Start of Block

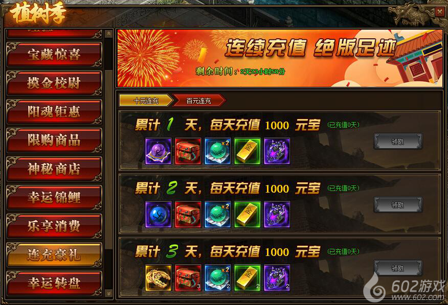 1.活动期间,每天充值10元、100元可领取境界修为、特戒礼盒。
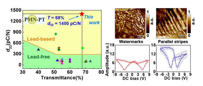 透明压电材料在透明压电触控传感器、光声成像透明换能器、透明驱动器等方面有着诱人的应用前景。但复杂的铁电畴结构使得压电材料的透光率一直较低,阻碍其在多功能器件领域的应用。2020年,兼具高透明度和高压电性Pb(Mg1/3Nb2/3)O3-PbTiO3(简称 PMN-PT)单晶的成功制备引起了广泛的关注,被评为2020年度中国科学十大进展之一。国际知名期刊Nature和Science也对该单晶材料给予了高度评价:“将光学功能耦合在了高性能压电晶体中,为力-电-光多功能耦合器件的研制打开了一扇门,及时地满足了当前日益增长的对多功能材料和器件的需求”、“透明高性能压电晶体将推动透明机器人、自供电触摸屏等器件的研制用于制作具有更高灵敏度的光声成像系统,在乳腺癌、黑色素瘤和血液疾病的诊断方面为医生提供帮助”。
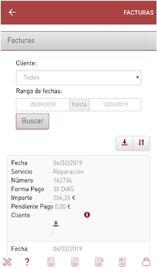 From the same you can access to: invoices, budgets, last attention made in their lifting devices, etc.
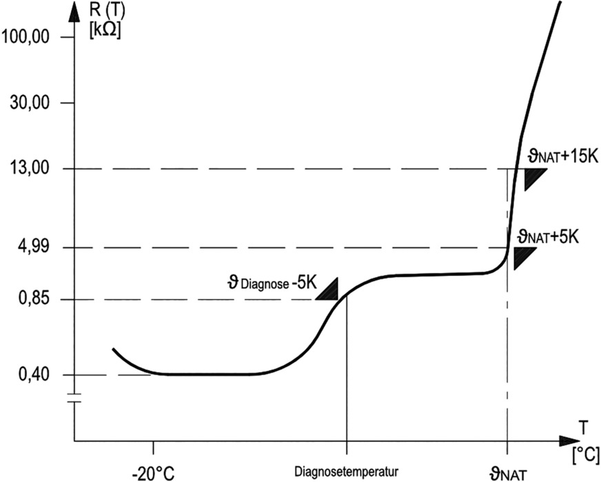 Der PTC und das Bimetall können normalerweise nicht zur Steuerung verwendet werden, da sie mehr oder weniger nur zwei verschiedene Ausgangswerte haben: niedriger und hoher Widerstand. Wenn aus Sicherheitsgründen ein PTC auch zur Steuerung eingesetzt werden soll, kann der Sensor AMS von Kriwan eine Alternative darstellen. Er basiert auf PTC-Sensoren, indem zwei unterschiedliche PTCs mit entsprechenden NAT (Nennanspruchtemperaturen) kombiniert werden. Dadurch wird neben der sicherheitsrelevanten PTC-Funktion auch ein sich kontinuierlich änderndes Ausgangssignal möglich, das von einem Mikroprozessor einfach linearisiert werden kann.
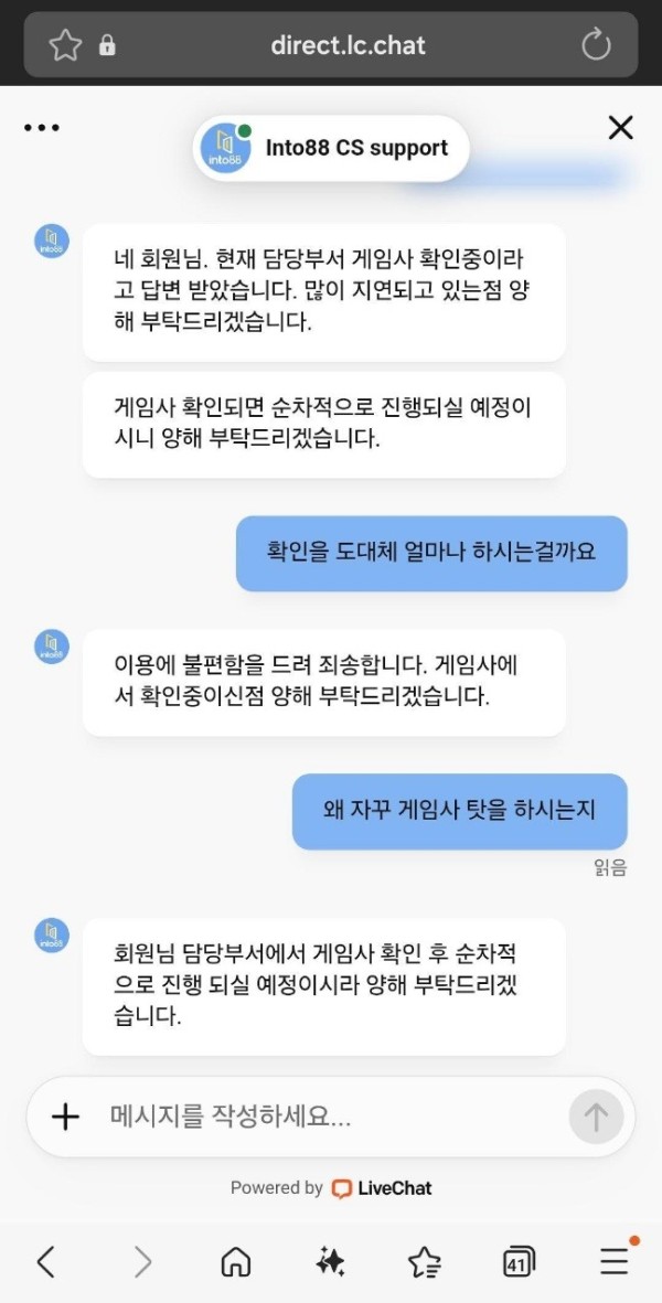 인투88 조금만 수 틀리면 바로 먹튀 때리고 잠수합니다.
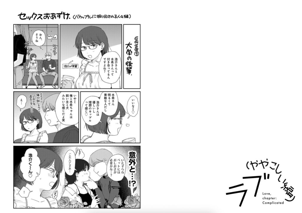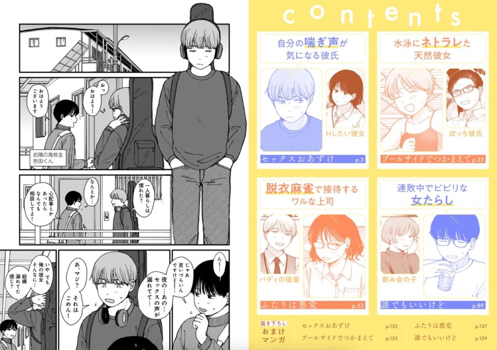 自分の喘ぎ声を気にする彼氏、脱衣麻雀で接待する女上司、連敗中のビビリな女たらしーーちょっとこじれたキャラたちが織りなす、愛しくてクセになる人間模様。
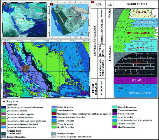 Figure 1. Geology of the Arabian Peninsula. (a) Google Earth image showing the location of the Arabian Peninsula with the studied location marked. (b) Structure and stratigraphic features of the Arabian Peninsula. (c) Geological map of the AR Riyadh Quadrangle (modified after https://ngd.sgs.gov.sa; accessed on 10 October 2024). (d) Jurassic and Cretaceous stratigraphy with notable formations represented in the stratigraphic column.
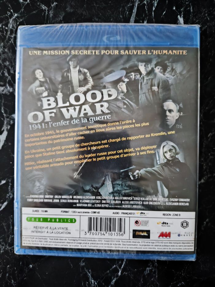Film Blood of War (2012) neuf encore sous blister. Guerre, Drame et Action de Oleksandr Berezan avec Yaroslav Gavrilyuk, Oleg Shulga, Viktor Zhdanov, Andriy Mostrenko et Roman Semysal. Plusieurs autres films (DVD et blu-ray) et séries télé disponibles sur mon dressing. Si vous avez des questions ou souhaitez plus de photos, n'hésitez pas à me demander. Prix négociable seulement si vous achetez plusieurs articles. N'hésitez pas à créer un lot et à faire une proposition raisonnable et à me demander un prix. Tag de recherche : #neboo_video #neboo_bluray #neboo_film blu ray bluray langue français française French FR
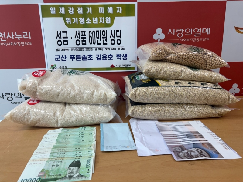 [군산=뉴전북] 군산 푸른솔초등학교 5학년 김윤호 학생이 위기청소년과 일제강점기 피해자 지원을 위해 현금과 쌀·보리·콩을 기부해 귀감이 되고 있다.
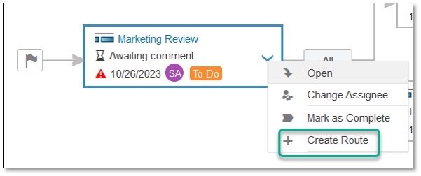 How Once the route is promoted, you as a task assignee, have now the ability to create a sub route from the task itself You can use the sub route to delegate your tasks to others in the organization Note: •Tasks cannot be completed if the tasks in the associated sub route are not completed. •In the Grid view, a new column named “Sub Route Approval Status” is displayed to provide sub-route status. •In the Graph view, a new tile is added that displays the status of the associated sub-route.
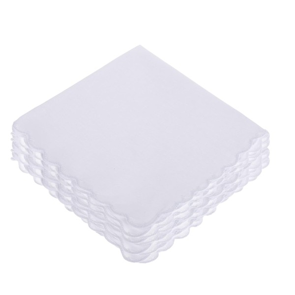 YQQYG Pack of 6 Handkerchiefs, 30 x 30 cm, White, Cotton Handkerchief with Scalloped Edge for Men and Women, Handkerchief, Handkerchief, Hand, White, M
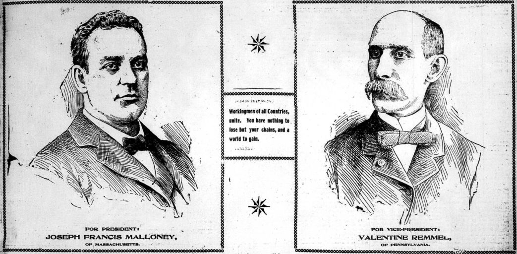 Standard-bearers of the Socialist Labor Party, Joseph F. Malloney and Valentine Remmel, in 1900.
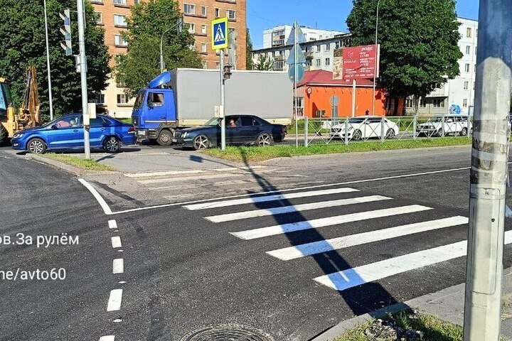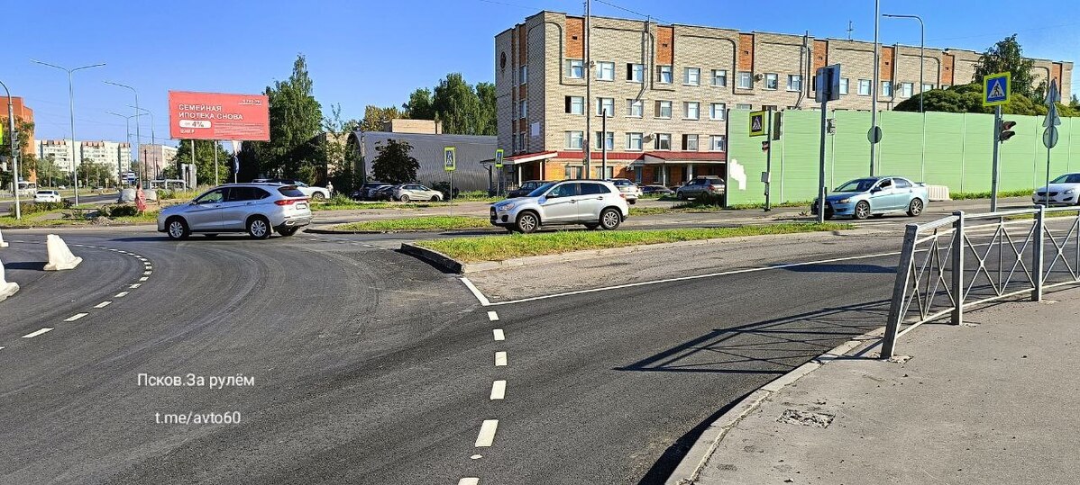 Как отмечает автор фото в телеграм-канале "Псков за рулем", нанесенный таким образом тип разметки позволяет исключить съезд из внутренней полосы.
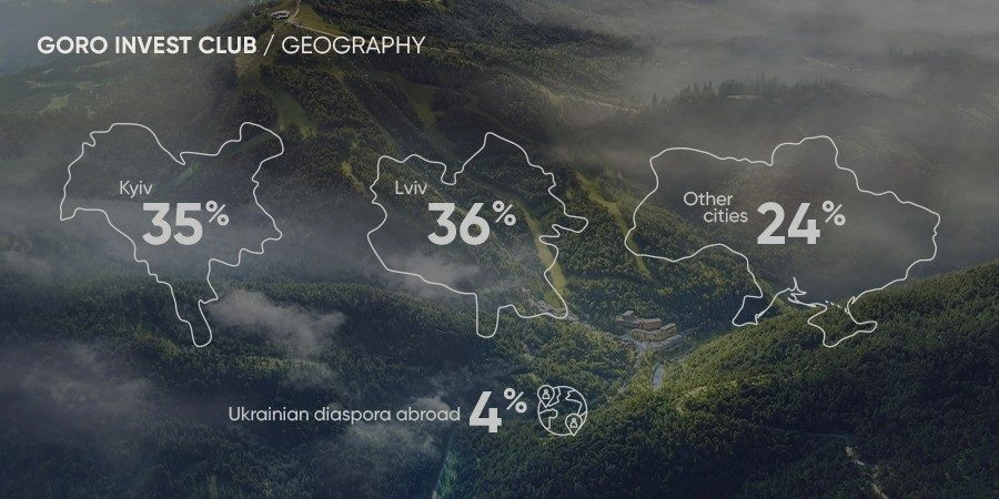 GORO investors represent 22 different industries and primarily live in Kyiv (35%) and Lviv (36%). Another 24% live in 14 other Ukrainian cities, and 4% are part of the Ukrainian diaspora abroad.
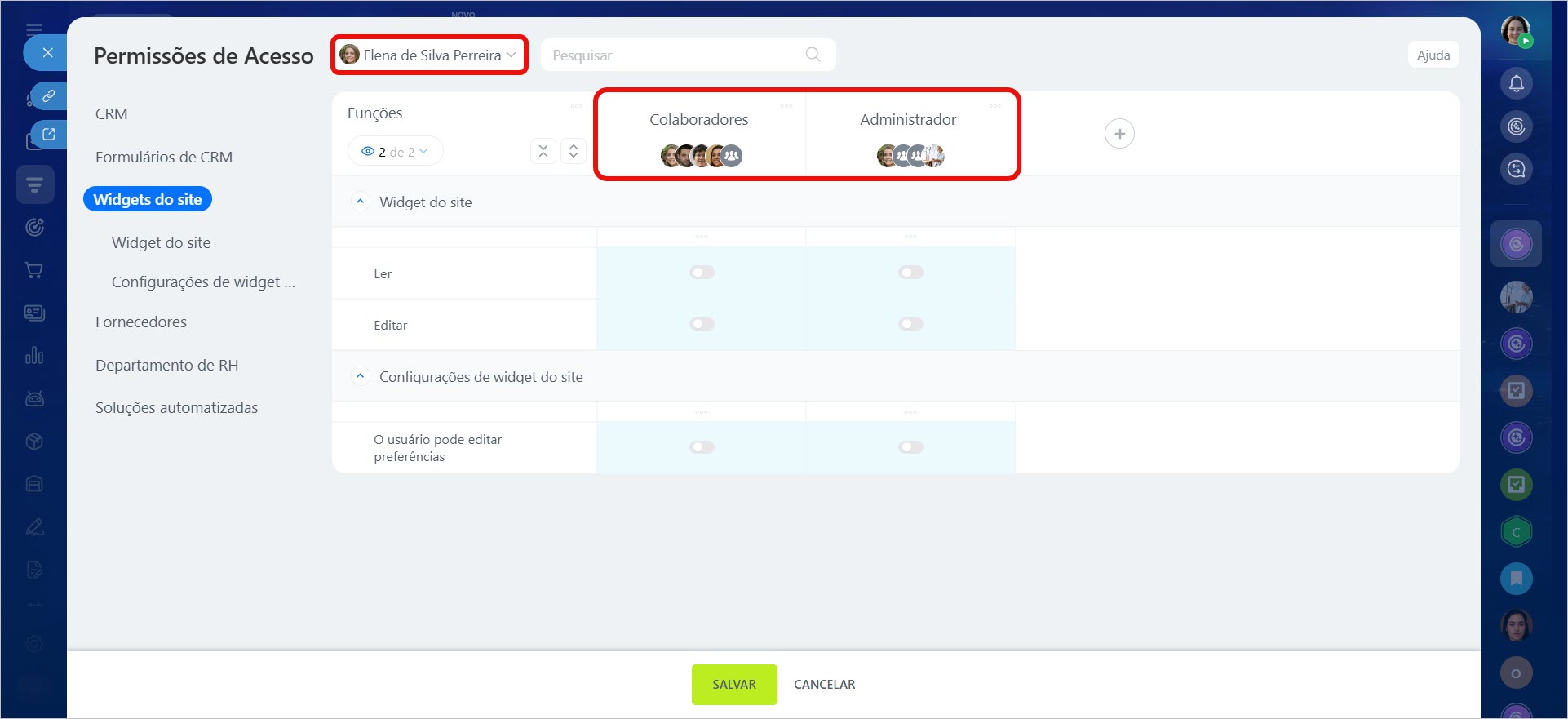 - Se funções adicionais foram criadas nas configurações de permissões do CRM, elas serão transferidas automaticamente para as permissões dos widgets.

End of Block

TASK DETAILS — Please give again the entries word for word, starting at the first line and ending with the line that contains "自分の喘ぎ声を気にする彼氏、"; include both of those lines but none of the pictures.

EXPECTED OUTPUT —
 1.活动期间,每天充值10元、100元可领取境界修为、特戒礼盒。
 透明压电材料在透明压电触控传感器、光声成像透明换能器、透明驱动器等方面有着诱人的应用前景。但复杂的铁电畴结构使得压电材料的透光率一直较低,阻碍其在多功能器件领域的应用。2020年,兼具高透明度和高压电性Pb(Mg1/3Nb2/3)O3-PbTiO3(简称 PMN-PT)单晶的成功制备引起了广泛的关注,被评为2020年度中国科学十大进展之一。国际知名期刊Nature和Science也对该单晶材料给予了高度评价:“将光学功能耦合在了高性能压电晶体中,为力-电-光多功能耦合器件的研制打开了一扇门,及时地满足了当前日益增长的对多功能材料和器件的需求”、“透明高性能压电晶体将推动透明机器人、自供电触摸屏等器件的研制用于制作具有更高灵敏度的光声成像系统,在乳腺癌、黑色素瘤和血液疾病的诊断方面为医生提供帮助”。
 From the same you can access to: invoices, budgets, last attention made in their lifting devices, etc.
 Der PTC und das Bimetall können normalerweise nicht zur Steuerung verwendet werden, da sie mehr oder weniger nur zwei verschiedene Ausgangswerte haben: niedriger und hoher Widerstand. Wenn aus Sicherheitsgründen ein PTC auch zur Steuerung eingesetzt werden soll, kann der Sensor AMS von Kriwan eine Alternative darstellen. Er basiert auf PTC-Sensoren, indem zwei unterschiedliche PTCs mit entsprechenden NAT (Nennanspruchtemperaturen) kombiniert werden. Dadurch wird neben der sicherheitsrelevanten PTC-Funktion auch ein sich kontinuierlich änderndes Ausgangssignal möglich, das von einem Mikroprozessor einfach linearisiert werden kann.
 인투88 조금만 수 틀리면 바로 먹튀 때리고 잠수합니다.
 自分の喘ぎ声を気にする彼氏、脱衣麻雀で接待する女上司、連敗中のビビリな女たらしーーちょっとこじれたキャラたちが織りなす、愛しくてクセになる人間模様。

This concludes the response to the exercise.